The internal factors refer to what Hyperliquid has done right. Hyperliquid's founder, Jeff, established a market-making and high-frequency trading company, Chameleon Trading, in early 2020, accumulating rich experience in trading and market-making, as well as considerable wealth. This has allowed Hyperliquid's development to remain unaffected by VCs, cycles, or market pressures. Additionally, the team has struck a balance between user demands for "experience" and "transparency" in product design, giving Hyperliquid a perfect start.
Subsequently, Hyperliquid targeted foreign users, providing new options for investors restricted from using contract products and large traders who are fond of on-chain products. Later community operations, airdrops, and the token auction mechanism all smoothly connected, with generous airdrops and continuous token price increases bringing in loyal fans and an independent "HYPE culture," attracting attention from investors like James, who lost over a hundred million. As user numbers and trading volumes increased, more market makers joined, gradually pushing the platform to the top of the perp DEX rankings. On January 27, Jeff tweeted that the liquidity of Bitcoin contracts on Hyperliquid had surpassed that of Binance.
With favorable conditions and the right people, Hyperliquid's success also relies on timing. Many respondents mentioned the same point: "Trading on CEXs is no longer profitable in this cycle." The comparison to "Hyperliquid is doing well" actually highlights how poorly CEXs have performed, whether in token selection or creating wealth effects; CEXs have indeed not done as well as some on-chain products in this round.
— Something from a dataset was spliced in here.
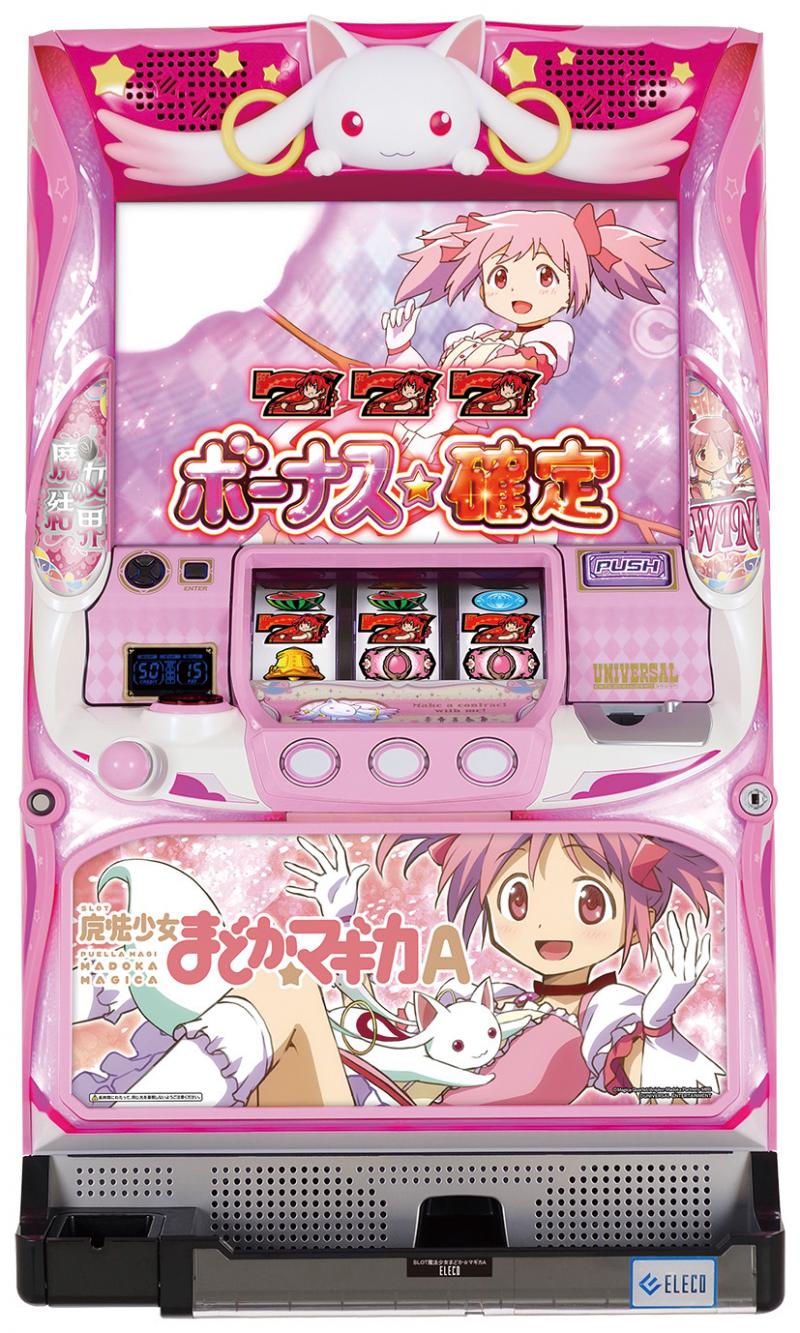 ユニバーサルエンターテインメントは10月18日、都内で『SLOT魔法少女まどか☆マギカA』(エレコ)のプレス発表会を開催した。同シリーズは、ARTタイプの初代とA+ARTタイプ2作目が長期間稼働を維持する人気コンテンツ。第3弾はノーマルタイプで登場した。
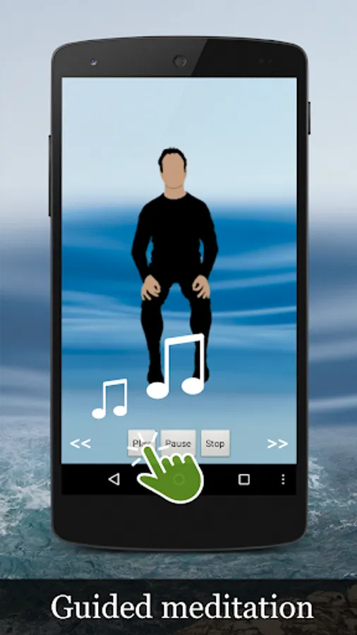 This app contains a recorded meditation that lasts 12 minutes. It is a simple guide to relaxation and breathing exercises.

After multiple instances of "insider trading" and "peak upon listing," users gradually lost confidence. Many exchanges attribute this to industry and cyclical factors, but Hyperliquid's emergence has slapped everyone in the face, akin to the perfect concern after a breakup, easily causing confused users to switch sides. In fact, users know it's not entirely CEXs' fault; perhaps CEXs have tried their best, but the results fall far short of user expectations.
The conclusion is clear: choosing perp DEXs is not a matter of preference but a necessity. The current prosperity of on-chain trading can be said to be the result of exchanges handing users over; many who originally only traded spot were forced to choose memes and contracts due to lack of profit, and they leaned towards on-chain products because of their flexibility and transparency.
From this perspective, the decision of certain exchanges to support new perp DEXs in hopes of competing with Hyperliquid is akin to telling the market: we no longer know how to improve CEXs.